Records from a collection
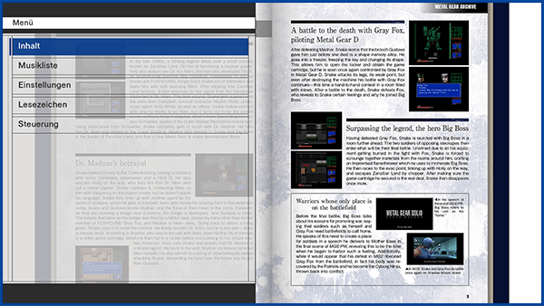 Das Master Book ist ein digitales Buch, das Ihnen weitere Einblicke in die Metal-Gear-Serie gewährt. Es ist voller Spoiler zur Serie und sollte daher am besten nach dem Spiel gelesen werden.
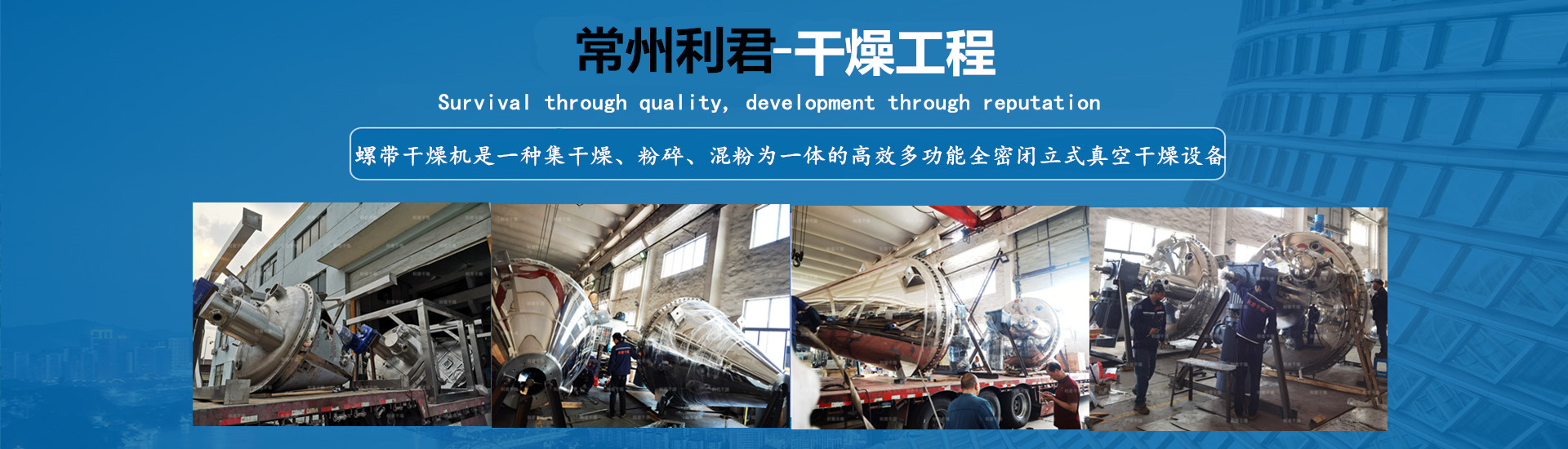 以質(zhì)量求生存,以信譽(yù)求發(fā)展,已擁有干燥、制粒、混合、粉碎、除塵、篩分、干法、濕法、脫硫、換熱、濃縮、反應(yīng)、儲(chǔ)存、蒸餾等多種系列上百個(gè)規(guī)格
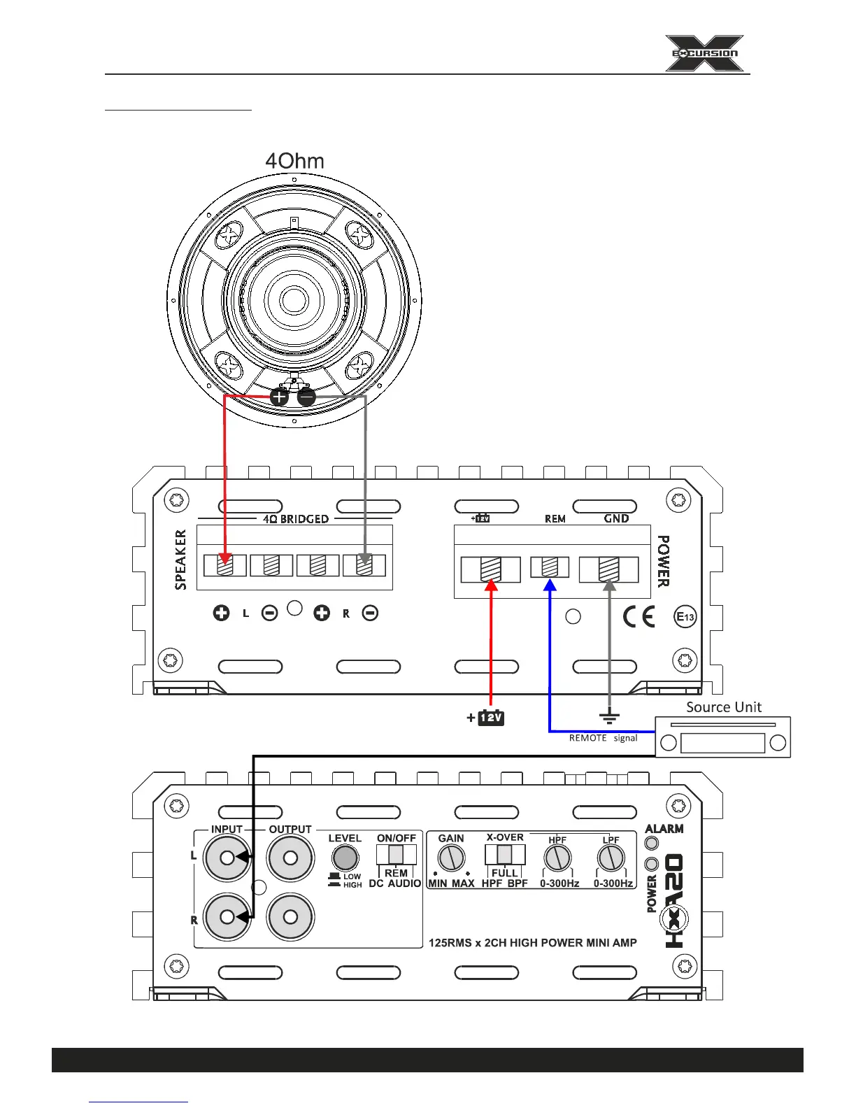 EXCURSION HXA2K - HXA 20; HXA 30; HXA 40 Wiring (1 Channel Mode)
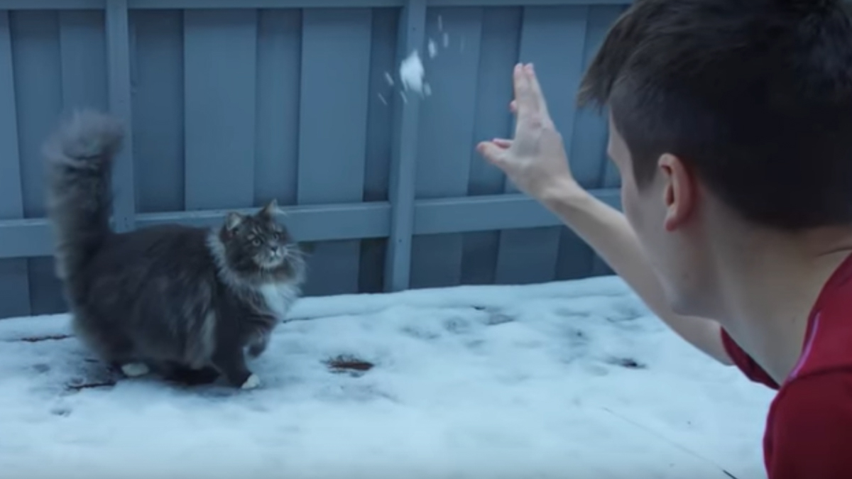 Mooie pluizige kat doet niets liever dan spelen in de sneeuw
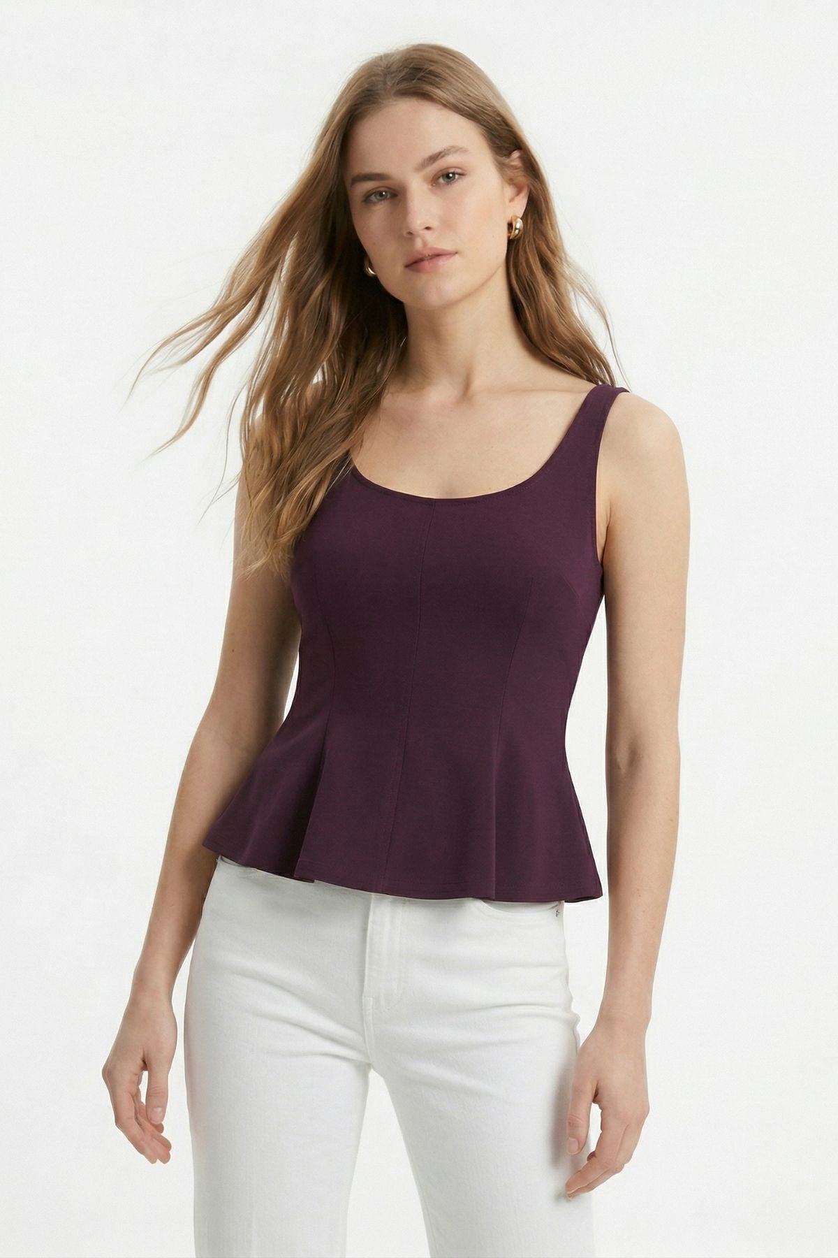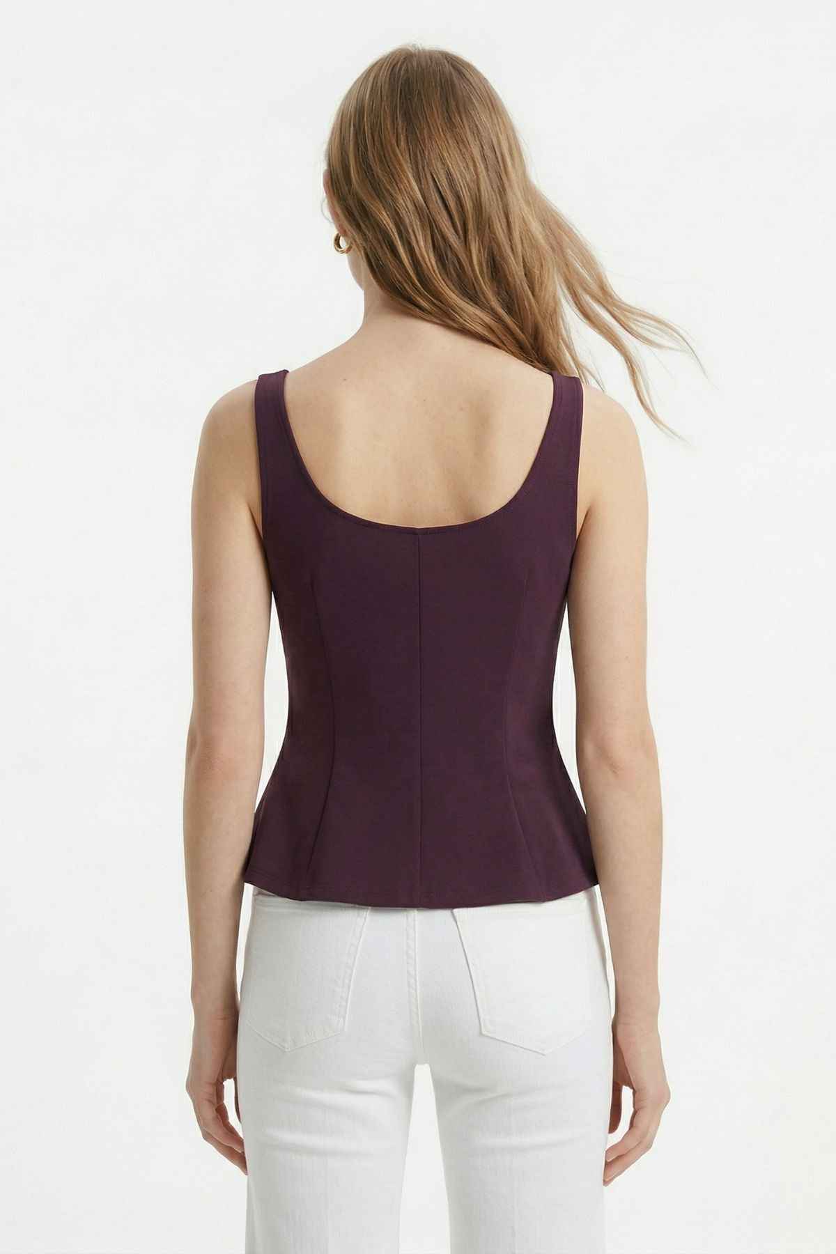 Mürdüm Sıfır Kol U Yaka Bluz 2786
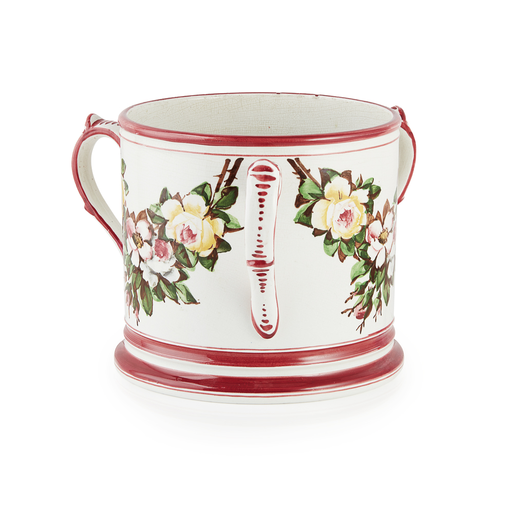 decorated with garlands of dog roses and white and yellow roses, impressed mark WEMYSS, restorations
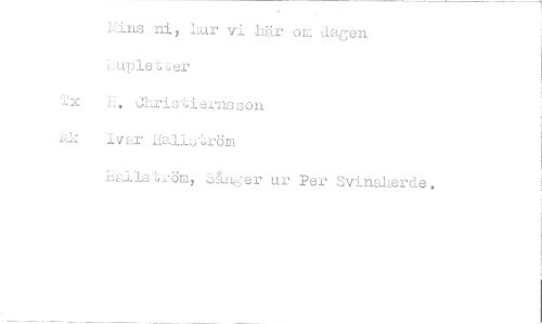 //// ni, hur vi här om dagen Kupletter //// Jhristiernsson //// Hallström, L-ånger ur Per Svinaherde . ////
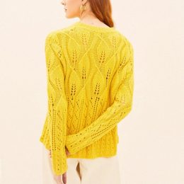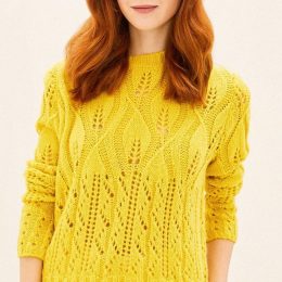 Знаете ли вы, что ажурный узор может сделать теплый свитер более воздушным и легким? Этот ярко-желтый свитер связан спицами с необычным ажурным узором, который напоминает солнечные лучи. Завораживающие переплетения и насыщенный цвет делают его настоящим произведением искусства.
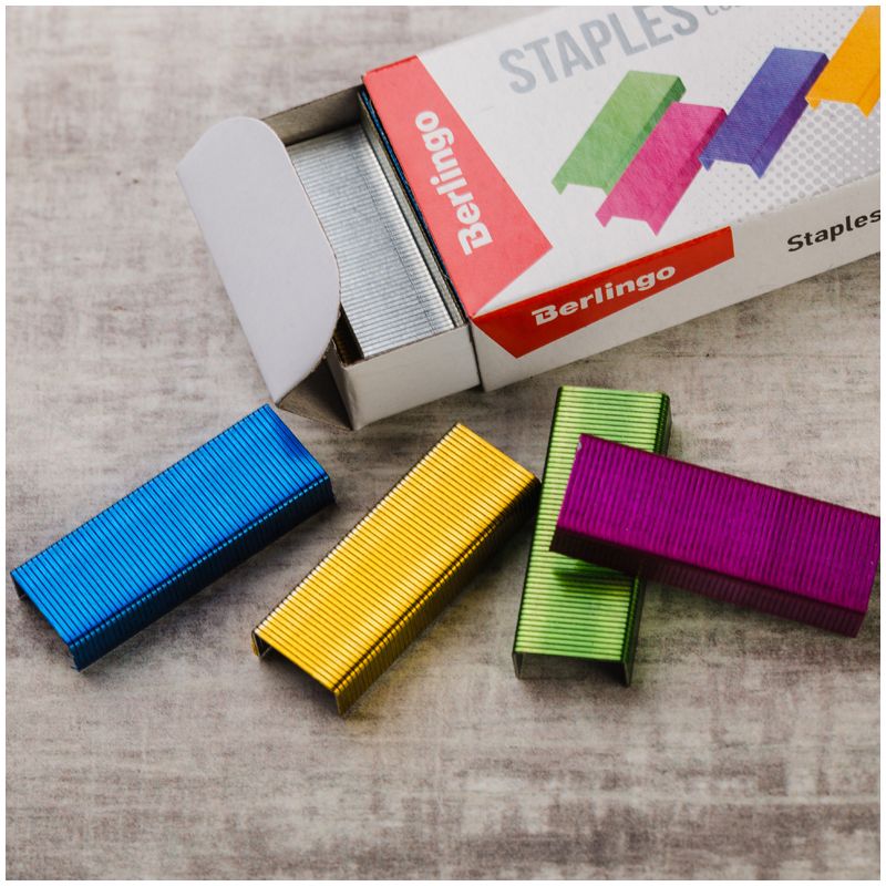 Скобы для степлера №24/6 Berlingo, цветные 1000шт.

=== Task description ===
The answer must consist only of the lines from the beginning of the entries above through the line that holds "以質(zhì)量求生存,以信", reproduced exactly and without pictures.

=== Task response ===
 Das Master Book ist ein digitales Buch, das Ihnen weitere Einblicke in die Metal-Gear-Serie gewährt. Es ist voller Spoiler zur Serie und sollte daher am besten nach dem Spiel gelesen werden.
 以質(zhì)量求生存,以信譽(yù)求發(fā)展,已擁有干燥、制粒、混合、粉碎、除塵、篩分、干法、濕法、脫硫、換熱、濃縮、反應(yīng)、儲(chǔ)存、蒸餾等多種系列上百個(gè)規(guī)格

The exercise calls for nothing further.